Supplied information —
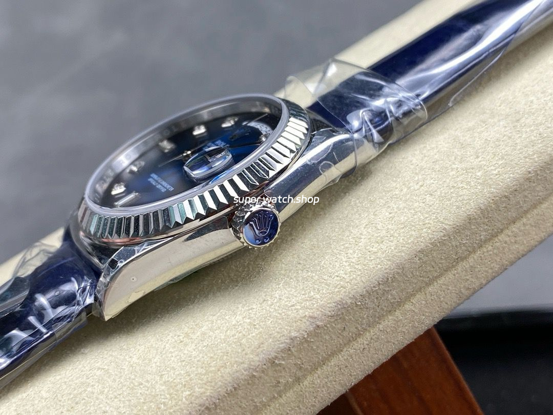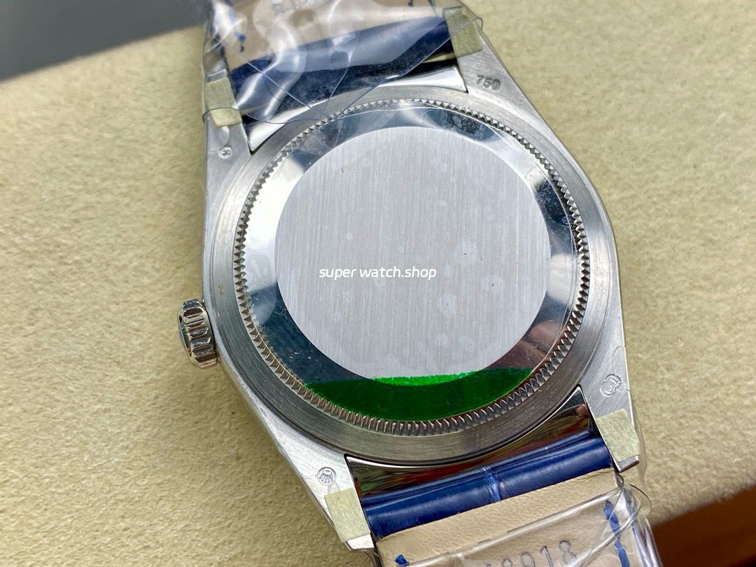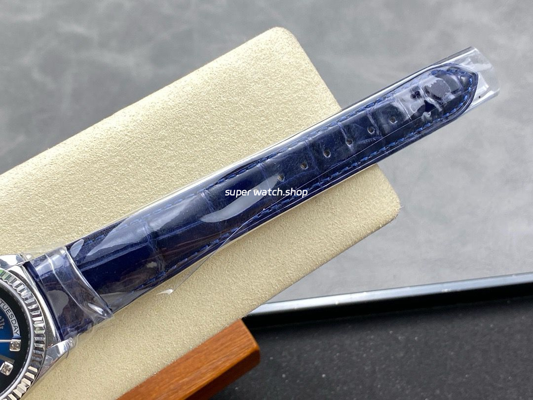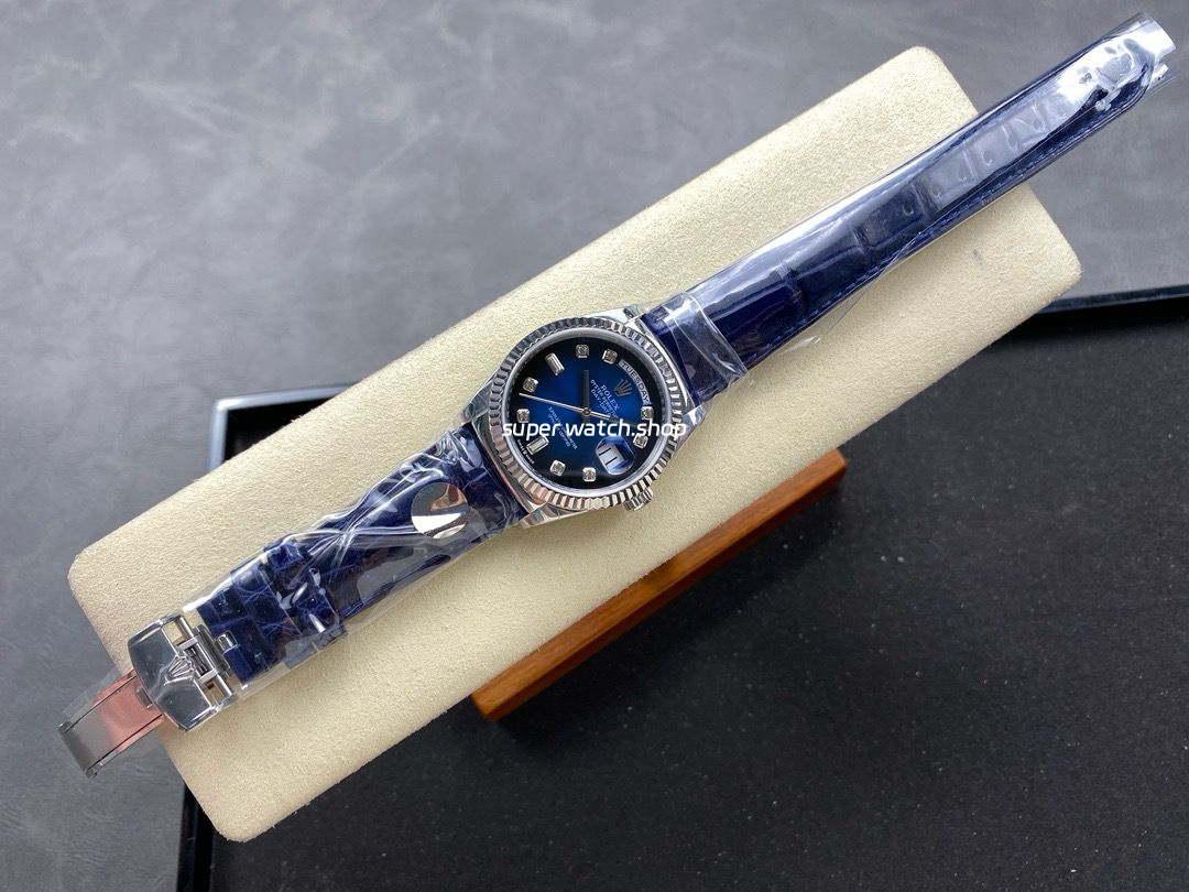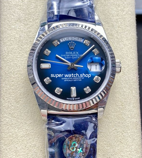 8+ Factory Counterweight Rolex Day-Date 36mm 128239-0023 White Gold Crocodile Leather Strap Diamond Mope&Baguette Diamond Blue Ombré Dial
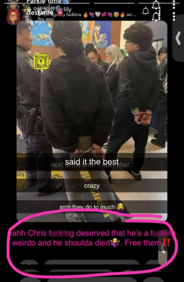 The victim “f—ing deserved that he’s a f—ing weirdo and he shoulda died,” according to a chilling caption on an image posted to Snapchat showing two of the handcuffed students.
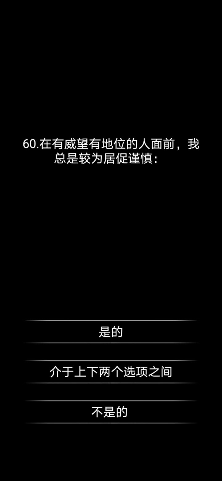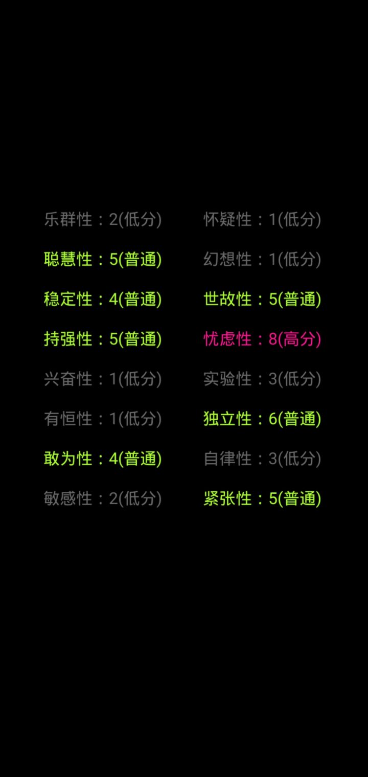 咱就是说吧,做的挺不错的,问题就是有时候觉得某个选项错了不能反悔重做😭😭就有点遗憾,但是也算是仅供参考嘛,里边说的有些地方以我个人是不太认同的(与个人自我认知不同),但是仅供参考嘛,自我与他人眼中的我总是不同的。过一段时间再来试试😁😁
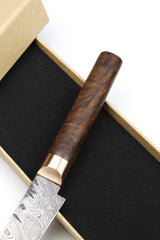 Das Petty ist eine fantastische Ergänzung für Ihre Küche. Es besitzt eine 120 mm lange Klinge mit einer Breite von 25 mm. Ein kleines Messer mit unglaublicher Schärfe und atemberaubender Schönheit. Es ist mit größter Sorgfalt verarbeitet und ergonomisch gestaltet, um auch bei längerer Nutzung höchsten Komfort zu gewährleisten.
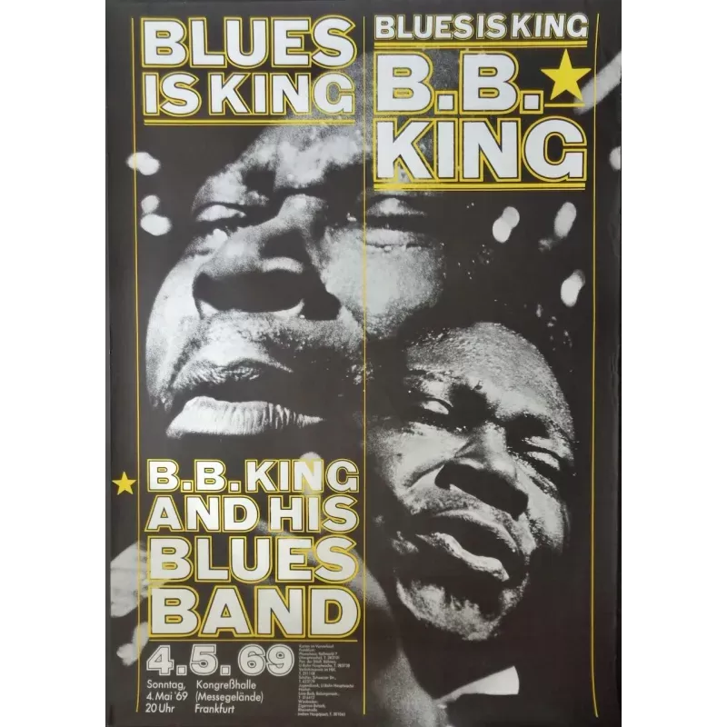 Very rare original German concert poster for B.B. King's 1969 Frankfurt show. Design by Gunther Kieser
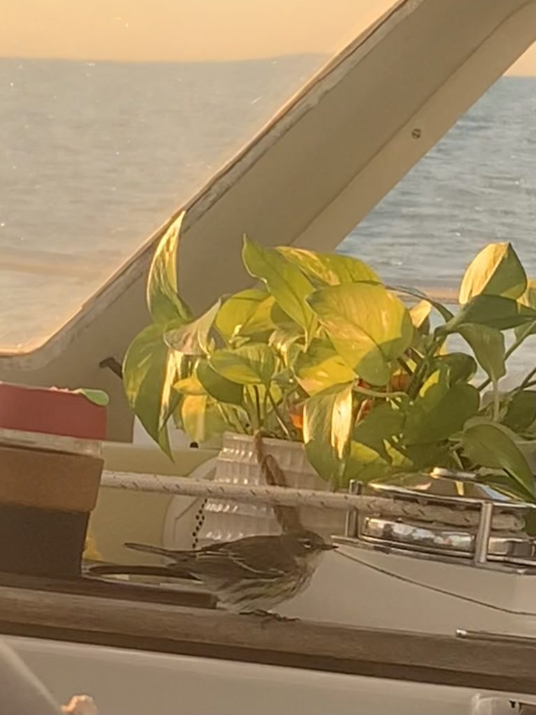 We had a little bird join us on the way to Cuttyhunk. It would come into the cockpit and hang out by the plant and nibble up bugs and then go away. It didn’t seem particularly scared of us. After we rode the Nor’Easter out in New Bedford we decided that was our sign to start heading south. Off we headed out to sea for the first time in a while and when offshore we discovered we still had our stowaway on board. The little guy kept us company all the way to the Delaware.
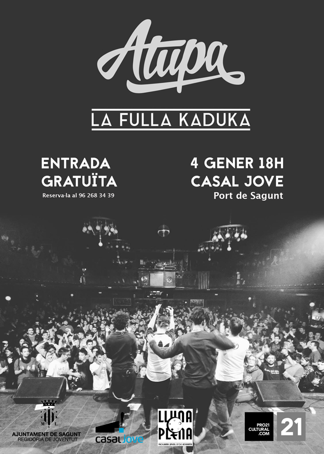 El conjunt local “La Fulla Kaduka” assistix al Casal Jove a presentar el seu primer EP amb el seu particular mestissatge de diferents estils musicals on predominen el jazz, el reggae i el rock. Més tard, i com a cap de cartell, “Atupa”, actuarà per primera vegada a la nostra localitat. “Atupa” és un grup de Montcada que basa el seu estil en el rap amb connexions amb el hardcore, el dubstep, el drum and bass, funk, ska i fins a la cançó d'autor. Amb el seu segon treball, “Expansion Pack”, han intensificat la seua faceta més electrònica sense abandonar el seu  rap original.
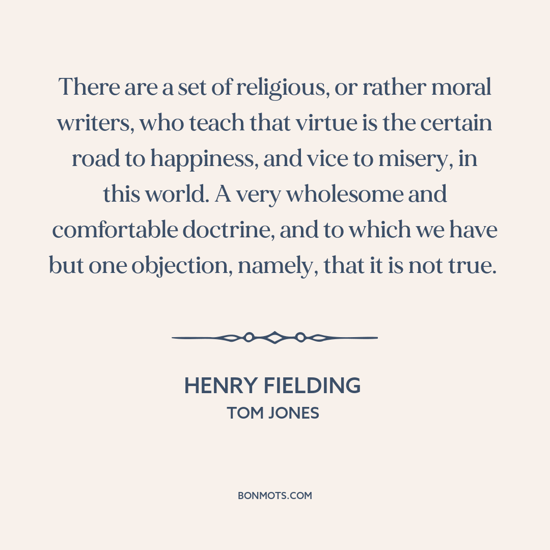There are a set of religious, or rather moral writers, who teach that virtue is the certain road to happiness, and vice to misery, in this world. A very wholesome and comfortable doctrine, and to which we have but one objection, namely, that it is not true.
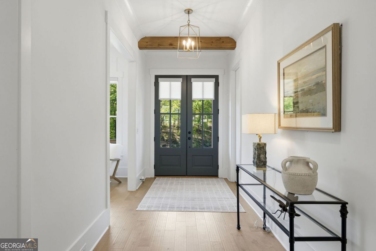 Tucked inside the gated community of Malone's Pond, this nearly new Bercher Homes build offers a rare opportunity to own a thoughtfully upgraded home in one of Ball Ground's most charming settings. Set on a premier, nearly half-acre lot overlooking the neighborhood pond, the backdrop here is something special-peaceful water views, wooded privacy, and frequent wildlife sightings, all just moments from the energy of downtown Ball Ground. With its walkable access to the city park, trails, tennis courts, and year-round community events, this location strikes a unique balance between quiet, nature-filled living and an active small-town lifestyle.Built in 2024 and spanning over 3,700 square feet, this five-bedroom, five-and-a-half-bath home was designed with both everyday comfort and elevated entertaining in mind. The owners took an already strong builder plan and enhanced it in all the right ways, adding a main-level bedroom with a private ensuite bath along with a dedicated dining room that gives the home a more complete and functional layout. Natural light pours in from an abundance of windows, framing views of the pond and surrounding trees and creating a bright, open feel throughout the home.The kitchen is both beautiful and practical, anchored by a spacious main area and complemented by a separate scullery kitchen that keeps prep work and cleanup tucked away. From there, the home flows seamlessly into the main living spaces with fireplace and out to the enclosed back patio, where a screened-in design creates a comfortable extension of the home year-round.What truly sets this property apart is the level of finish and care that has gone into it since completion. The sellers have invested over $60,000 in upgrades, including hardwood floors throughout, custom window treatments, an enhanced appliance package, painted and sealed garage floors, a full home water filtration system, and a professionally installed irrigation system. The landscaping has been thoughtfully upgraded to complement the setting, and every detail reflects a home that has been meticulously maintained and intentionally improved.Additional highlights include a three-car garage and an oversized driveway with plenty of room for guests, along with one of the neighborhood's best slab lots, which offers both usability and commanding views. For buyers who appreciate the look and feel of a model home but don't want to wait through the building process, this is a standout opportunity. Every finish has already been selected, every upgrade has already been completed, and the result is a home that feels both refined and truly move-in ready in one of North Georgia's most inviting communities.
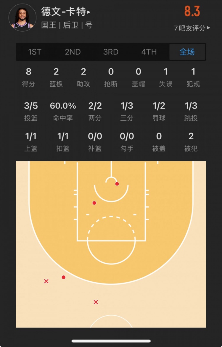 國王13號秀 德文-卡特 登場(chǎng)14.4分鐘
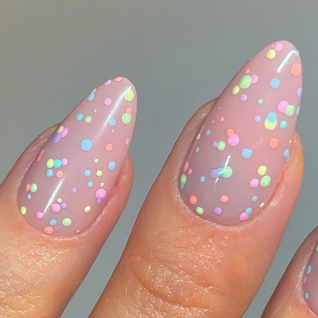 These are almond nails with a sheer nude-pink base. Near the tips, there are small scattered pastel dots in yellow, blue, pink, purple, and green, almost like confetti.

Problem requirements — Pictures aren't part of the copy; return each record above exactly.

Result of this task —
 8+ Factory Counterweight Rolex Day-Date 36mm 128239-0023 White Gold Crocodile Leather Strap Diamond Mope&Baguette Diamond Blue Ombré Dial
 The victim “f—ing deserved that he’s a f—ing weirdo and he shoulda died,” according to a chilling caption on an image posted to Snapchat showing two of the handcuffed students.
 咱就是说吧,做的挺不错的,问题就是有时候觉得某个选项错了不能反悔重做😭😭就有点遗憾,但是也算是仅供参考嘛,里边说的有些地方以我个人是不太认同的(与个人自我认知不同),但是仅供参考嘛,自我与他人眼中的我总是不同的。过一段时间再来试试😁😁
 Das Petty ist eine fantastische Ergänzung für Ihre Küche. Es besitzt eine 120 mm lange Klinge mit einer Breite von 25 mm. Ein kleines Messer mit unglaublicher Schärfe und atemberaubender Schönheit. Es ist mit größter Sorgfalt verarbeitet und ergonomisch gestaltet, um auch bei längerer Nutzung höchsten Komfort zu gewährleisten.
 Very rare original German concert poster for B.B. King's 1969 Frankfurt show. Design by Gunther Kieser
 We had a little bird join us on the way to Cuttyhunk. It would come into the cockpit and hang out by the plant and nibble up bugs and then go away. It didn’t seem particularly scared of us. After we rode the Nor’Easter out in New Bedford we decided that was our sign to start heading south. Off we headed out to sea for the first time in a while and when offshore we discovered we still had our stowaway on board. The little guy kept us company all the way to the Delaware.
 El conjunt local “La Fulla Kaduka” assistix al Casal Jove a presentar el seu primer EP amb el seu particular mestissatge de diferents estils musicals on predominen el jazz, el reggae i el rock. Més tard, i com a cap de cartell, “Atupa”, actuarà per primera vegada a la nostra localitat. “Atupa” és un grup de Montcada que basa el seu estil en el rap amb connexions amb el hardcore, el dubstep, el drum and bass, funk, ska i fins a la cançó d'autor. Amb el seu segon treball, “Expansion Pack”, han intensificat la seua faceta més electrònica sense abandonar el seu  rap original.
There are a set of religious, or rather moral writers, who teach that virtue is the certain road to happiness, and vice to misery, in this world. A very wholesome and comfortable doctrine, and to which we have but one objection, namely, that it is not true.
 Tucked inside the gated community of Malone's Pond, this nearly new Bercher Homes build offers a rare opportunity to own a thoughtfully upgraded home in one of Ball Ground's most charming settings. Set on a premier, nearly half-acre lot overlooking the neighborhood pond, the backdrop here is something special-peaceful water views, wooded privacy, and frequent wildlife sightings, all just moments from the energy of downtown Ball Ground. With its walkable access to the city park, trails, tennis courts, and year-round community events, this location strikes a unique balance between quiet, nature-filled living and an active small-town lifestyle.Built in 2024 and spanning over 3,700 square feet, this five-bedroom, five-and-a-half-bath home was designed with both everyday comfort and elevated entertaining in mind. The owners took an already strong builder plan and enhanced it in all the right ways, adding a main-level bedroom with a private ensuite bath along with a dedicated dining room that gives the home a more complete and functional layout. Natural light pours in from an abundance of windows, framing views of the pond and surrounding trees and creating a bright, open feel throughout the home.The kitchen is both beautiful and practical, anchored by a spacious main area and complemented by a separate scullery kitchen that keeps prep work and cleanup tucked away. From there, the home flows seamlessly into the main living spaces with fireplace and out to the enclosed back patio, where a screened-in design creates a comfortable extension of the home year-round.What truly sets this property apart is the level of finish and care that has gone into it since completion. The sellers have invested over $60,000 in upgrades, including hardwood floors throughout, custom window treatments, an enhanced appliance package, painted and sealed garage floors, a full home water filtration system, and a professionally installed irrigation system. The landscaping has been thoughtfully upgraded to complement the setting, and every detail reflects a home that has been meticulously maintained and intentionally improved.Additional highlights include a three-car garage and an oversized driveway with plenty of room for guests, along with one of the neighborhood's best slab lots, which offers both usability and commanding views. For buyers who appreciate the look and feel of a model home but don't want to wait through the building process, this is a standout opportunity. Every finish has already been selected, every upgrade has already been completed, and the result is a home that feels both refined and truly move-in ready in one of North Georgia's most inviting communities.
 國王13號秀 德文-卡特 登場(chǎng)14.4分鐘
 These are almond nails with a sheer nude-pink base. Near the tips, there are small scattered pastel dots in yellow, blue, pink, purple, and green, almost like confetti.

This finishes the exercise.